Harper slowed her down. “Angry?” The Captain was a hero, wasn’t he? La Marquesa had shouted at the doctors, had told them it was disgusting that a hero should live in such a place and tomorrow La Marquesa was sending a carriage that was to take Sharpe to a house outside the town, a house fey the river, and the best of it was, and here Isabella jumped up and down beside her huge Irishman, clutching at his jacket in her excitement, that the aristocrat had talked to her, Isabella! She and Harper were to go with the Captain. They would have servants, cooks, and Isabella twirled in the cloister and said that La Marquesa had been kind to her, grateful to her, and by the way the Captain was feeling better.

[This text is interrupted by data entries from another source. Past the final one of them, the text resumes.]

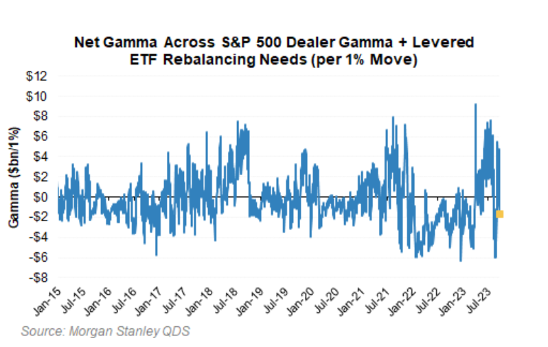 摩根士丹利交易员估算,如果市场下跌1%,他们可能还会减仓$70亿股票。如果跌幅达到2%,他们则会清仓$180亿。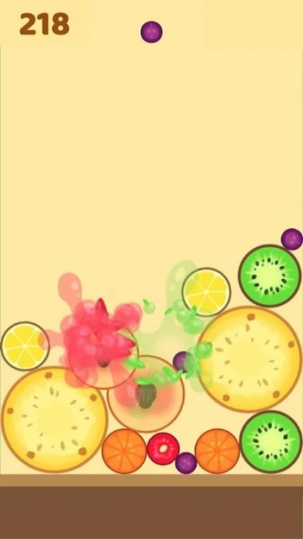 水果碰撞时伴随粒子特效与音效,合成等级提升时界面产生动态缩放效果,增强操作沉浸感。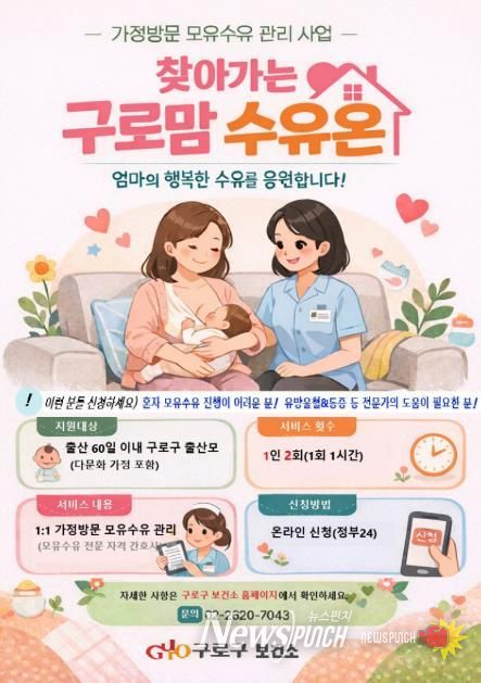뉴스펀치 박상훈 기자 | 구로구가 출산 초기 산모의 모유수유 부담을 덜기 위한 방문형 지원사업을 새롭게 추진한다.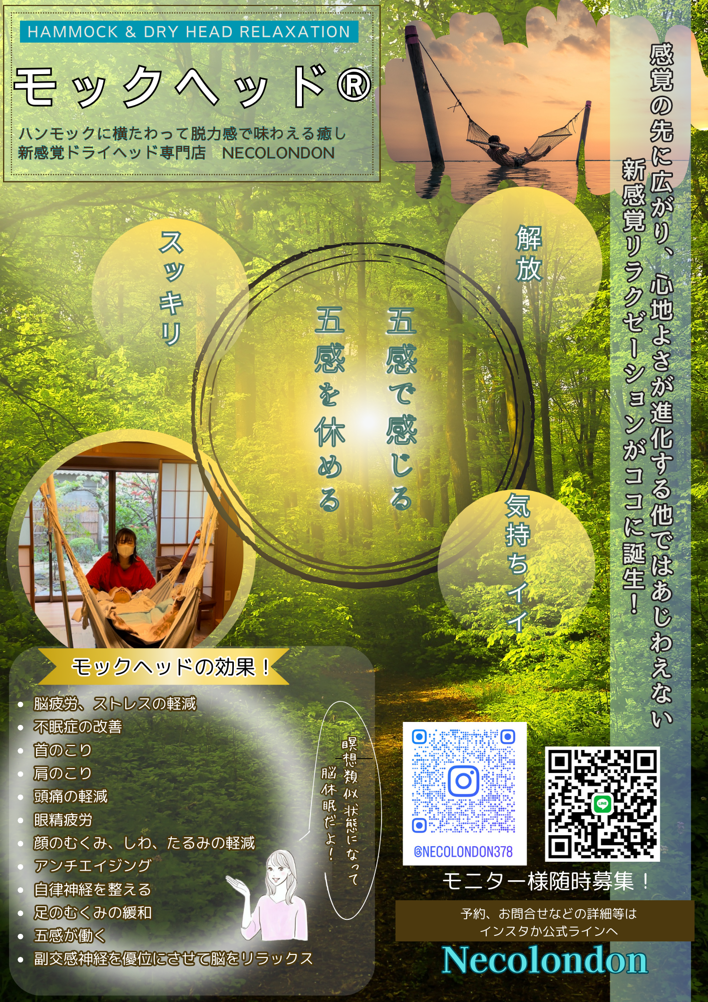 ハンモック×ヘッドマッサージ”モックヘッド”体験が出来ます。3秒でふっと全身の力が抜け脱力の中で受けるヘッドマッサージで心と体が整う新感覚リラクゼーションです。

Harper grinned because of her infectious delight. “Say that all again.”

She said it again, and this time she wanted to know where he had been. He had missed La Marquesa, the most gracious person Isabella had ever met, a Queen! Well, almost a Queen, and Harper missed her, and tomorrow they were all moving to a house by the river and they were to have servants! And by the way the Captain is much better.

“What do you mean, better?”

“I changed the bandage, si? She was here! I thought she might visit us. She visit everyone. So I change the bandage and no muck? Patrick! No muck!”

“No pus?”

“No nothing. No muck, no blood.”

“Where is he now?”

She opened her eyes wide because her tale was dramatic. “He sit up in bed, si? Up! He very happy that La Marquesa see him!.” She punched Harper. “And you do not see her! Four horses! And your friend was here.”